*** Input data ***

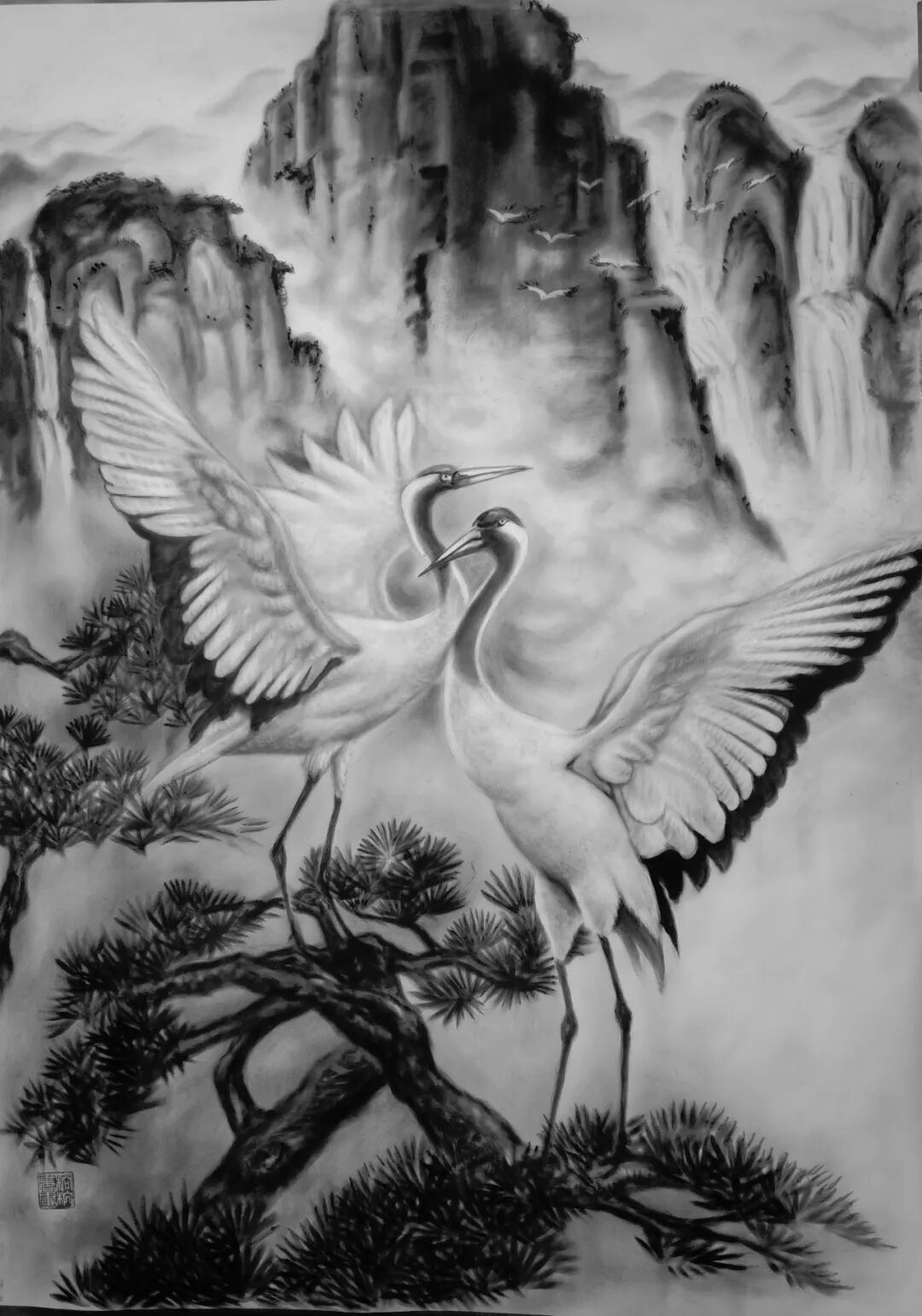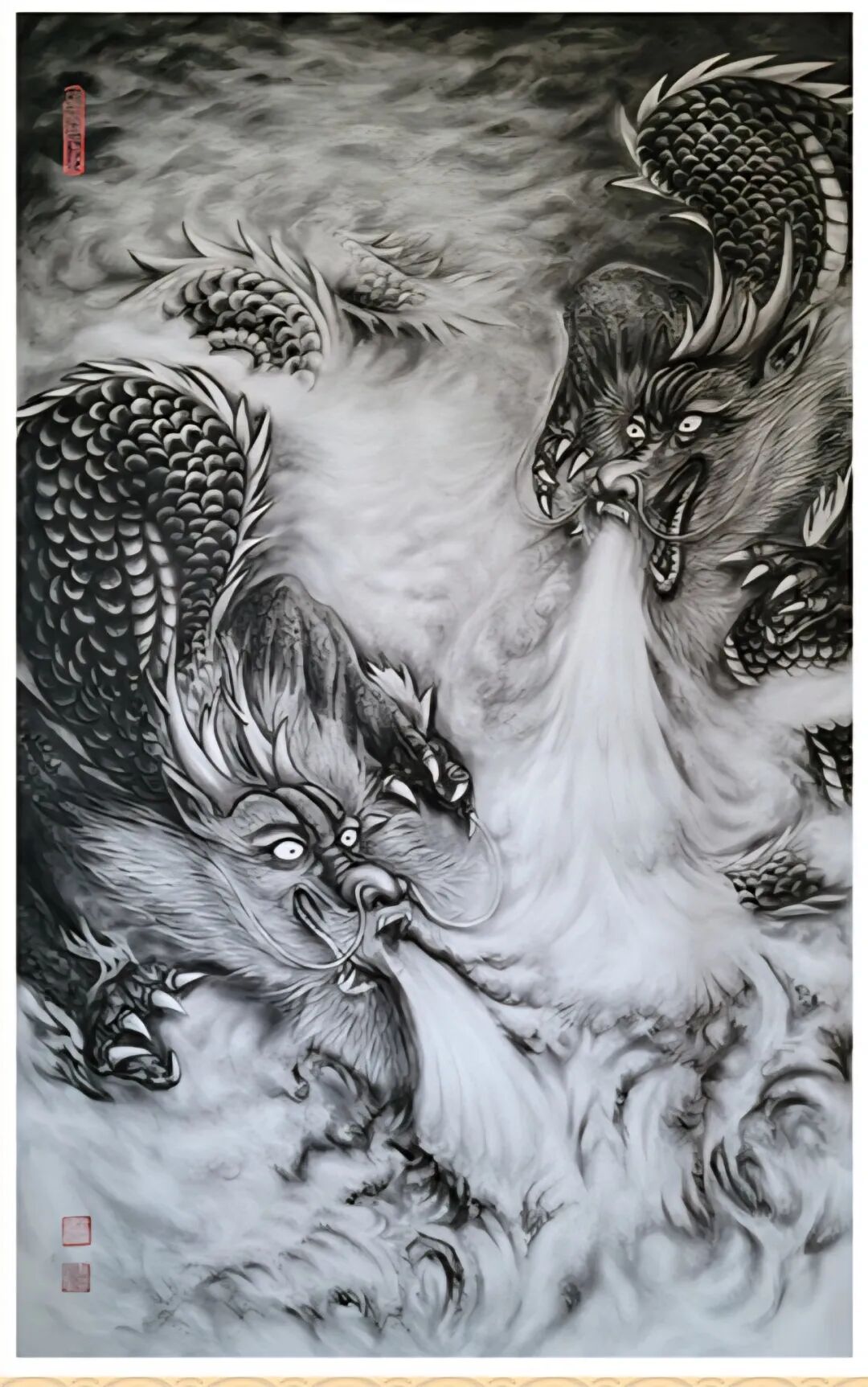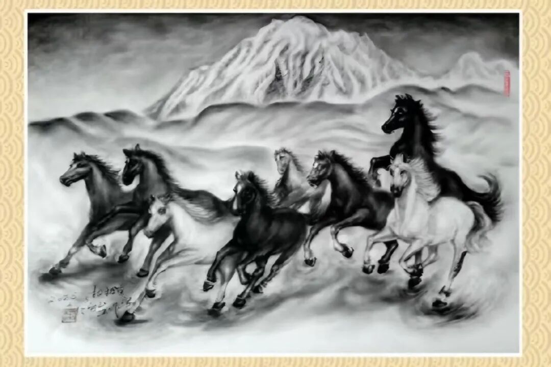 這絕非一次簡單的技法改良,而是一場由國家知識產(chǎn)權(quán)局鄭重背書的文化功勛。張松柏獨(dú)創(chuàng)的粉墨畫,徹底摒棄了水的暈染與油的調(diào)和,直接以特種礦物炭粉與天然寶石顏料為血肉,以宣紙、絲絹為載體,通過千萬次實(shí)踐練就的“干畫”絕技,讓畫面達(dá)到了 “巨幅不失神韻,微毫盡顯精神” 的至高境界。
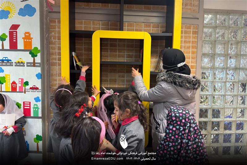 کتابخانه کودکستان در راهرو قرار گرفته و فضایی جذاب برای کودکان فراهم کرده است تا در زنگ تفریح از آن استفاده کنند. بچهها میتوانند به راحتی به کتابها دسترسی داشته باشند و در این محیط دوستانه و آرام به خواندن کتابهای مناسب سن خود بپردازند. این کتابخانه در کنار مسیر عبور کودکان، محیطی ساده و دلپذیر برای تشویق آنها به مطالعه و کشف دنیای داستانها و آموزشهای جدید فراهم میکند. علاوه بر کتاب، بخشهای مختلفی مانند کتابهای تصویری، بازیهای آموزشی، و گوشههای داستانگویی نیز فراهم شده تا کودکان از طریق فعالیتهای جذاب و سرگرمکننده با دنیای کتابها آشنا شوند و تخیل خود را پرورش دهند. این فضا به کودکان کمک میکند که عشق به کتاب و یادگیری را از سنین پایین تجربه کنند.
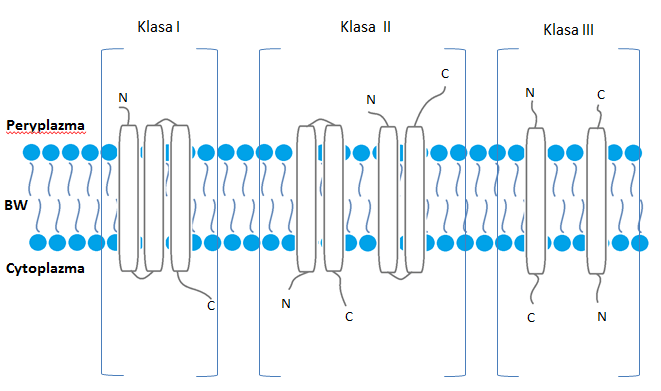 - N-koniec białka znajduje się w peryplazmie a hydrofilny C-koniec w cytoplazmie

*** End of Input data ***

**Action item**
Transcribe the listing above in full. Pictures are not part of the copy.

**Task result**
 這絕非一次簡單的技法改良,而是一場由國家知識產(chǎn)權(quán)局鄭重背書的文化功勛。張松柏獨(dú)創(chuàng)的粉墨畫,徹底摒棄了水的暈染與油的調(diào)和,直接以特種礦物炭粉與天然寶石顏料為血肉,以宣紙、絲絹為載體,通過千萬次實(shí)踐練就的“干畫”絕技,讓畫面達(dá)到了 “巨幅不失神韻,微毫盡顯精神” 的至高境界。
 کتابخانه کودکستان در راهرو قرار گرفته و فضایی جذاب برای کودکان فراهم کرده است تا در زنگ تفریح از آن استفاده کنند. بچهها میتوانند به راحتی به کتابها دسترسی داشته باشند و در این محیط دوستانه و آرام به خواندن کتابهای مناسب سن خود بپردازند. این کتابخانه در کنار مسیر عبور کودکان، محیطی ساده و دلپذیر برای تشویق آنها به مطالعه و کشف دنیای داستانها و آموزشهای جدید فراهم میکند. علاوه بر کتاب، بخشهای مختلفی مانند کتابهای تصویری، بازیهای آموزشی، و گوشههای داستانگویی نیز فراهم شده تا کودکان از طریق فعالیتهای جذاب و سرگرمکننده با دنیای کتابها آشنا شوند و تخیل خود را پرورش دهند. این فضا به کودکان کمک میکند که عشق به کتاب و یادگیری را از سنین پایین تجربه کنند.
 - N-koniec białka znajduje się w peryplazmie a hydrofilny C-koniec w cytoplazmie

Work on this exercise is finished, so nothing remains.